To get all this set up, here’s what we’ll be covering:

  1. Finding the client for PSQL
  2. Extracting the contents and getting everything in place
  3. Installing a few dependencies before we run the installer
  4. Running the installation scripts
  5. Defining the LD_LIBRARY_PATH in your bash profile
  6. Writing a PHP Test script
  7. [Bonus] Ensure www-data can use it

I may be your new best friend – let’s trauma bond!

Step 1: Finding the Client

To get started, we’re gunna need the client. This will require you to sign up for Actian’s Electronic Software Distribution website. It may be confusing, but they now refer to it as “Actian Zen” but still “PSQL”. In their downloads, you can do the rpm or whatever, but I went with the tar.gz – I like pain I guess… Also, I’m running ubuntu, sooooo RPM’s don’t exactly play nice.

I’m going to pretend now that you’ve successfully found and downloaded the tarball named something like PSQL-Client-linux-12.11-033.000.x86_64.tar.gz – should be around 100mb or so. Regardless: excellent work! Well done =]

Download, extract, yadda yadda…

Step 2: Extract and place the client in position

Since you already knew how to tar -zxvf PSQL-Client-linux-12.11-033.000.x86_64.tar.gz , I’m not going to spend any time there. Suffice to say, you should be left with a folder named psql. We’re going to need to scoot that into the /usr/local folder.

It probably required a good ol’ fashion sudo to get it in place, but once there, let’s cd /usr/local/psql/etc

Step 3: Install a few dependencies (forgot about these)
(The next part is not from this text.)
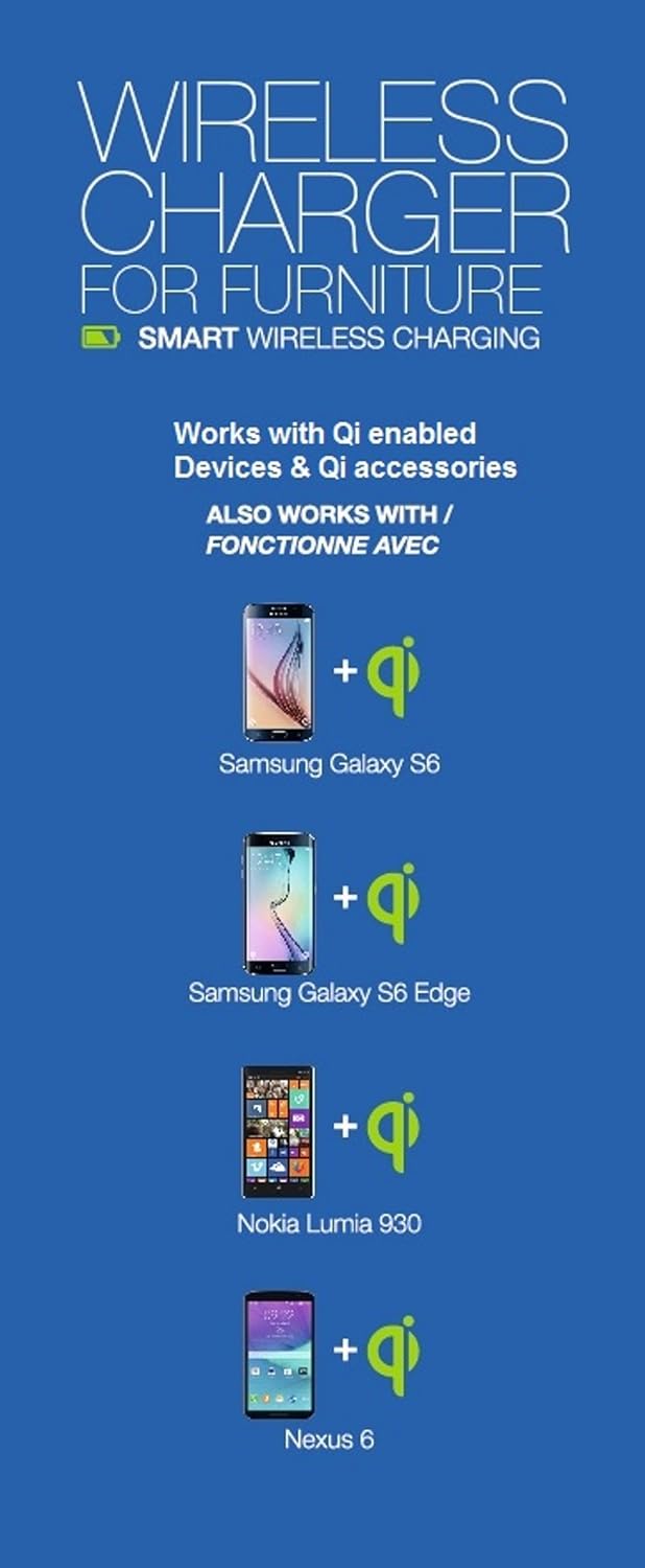 [INNOVATIVE DESIGN] NTW's Qi Wireless Charger Pad can be easily installed into furniture for a clean, wireless look. Eliminate the need to look for a cable to plug into your phone, just simply lay your device on top of the charging pad and let it do the rest!

Since I’m using Ubuntu, I’ll be using apt, but I’m sure yum and whatnot have similar proxies for the following (I initially did this in a docker container, so… I needed all of these things):

sudo apt install file php7.4 php7.4-cli php7.4-odbc

Of course, choose your flavor of php as necessary, but these should be pretty minimum… may even need to include vim in that list if you’re running this in a docker container 👍️

Step 4: Running the Client install scripts

Back to the /usr/local/psql/etc/ folder, there are two scripts that we need to run: the first one seems to just make sure you’re ready to install, and the second one does all the installing. They will require sudo, so buckle in.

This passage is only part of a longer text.